The rise of powerful Islamic parties [in Egypt] appears inevitable… not because of the Quran or a backward tradition, but because we and Israel believed we could bend the aspirations of the Arab world to our will through corruption and force. — Chris Hedges, Jan. 31, Truthdig
U.S. foreign policy is like the mattress delivery truck I saw the other day in South Philly. The driver and his co-pilot made the mistake of braving a narrow street to make a delivery a day after a snowstorm. The street had been plowed but not thoroughly, and the truck was soon spinning its wheels, stuck in snow that was deeper than it looked. Three times the truck got stuck and broke free after a lot of wasteful revving and gear-grinding and spewing of exhaust fumes. But then the driver was too impatient to make the tricky turn onto Ninth Street and instead forged onto the next little street, where the truck got stuck in the same mess.

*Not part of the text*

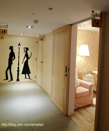 轉進這條小小走廊一眼會注意到牆上的壁貼,一男一女的影子,好有質感!好好看唷,整個空間都優雅了起來。

The drivers at the U.S. State Department hold the wheel steady and forge into one Third World country after another, confident that America has the horsepower and sheer bulk to roll over any obstacles to our acquisition of cheap oil. Are the people pissed off because the Shah or Saddam Hussein or Hosni Mubarak is torturing/starving/stealing from them? No problem, send the dictator another billion to bulk up the army, and gently advise him to stop slaughtering so many activists and give the people a bit more grain.
This is called realpolitik, the religion of characters like Henry Kissinger and Hillary Clinton — high-profile policy wonks who are always surprised when, after decades of repression, these Third World side streets, our shortcuts to the oil fields, are suddenly jammed with millions of people angry not only at the dictators but at those who propped up the dictators in order to fuel America’s gas guzzlers.
We lost Iran because we backed the Iranians who were on the wrong side of history. The same thing might be happening in Egypt, regardless of how and when Mubarak makes his exit. Once again, the big truck is spinning its wheels, but this time it’s a lot closer to running out of gas.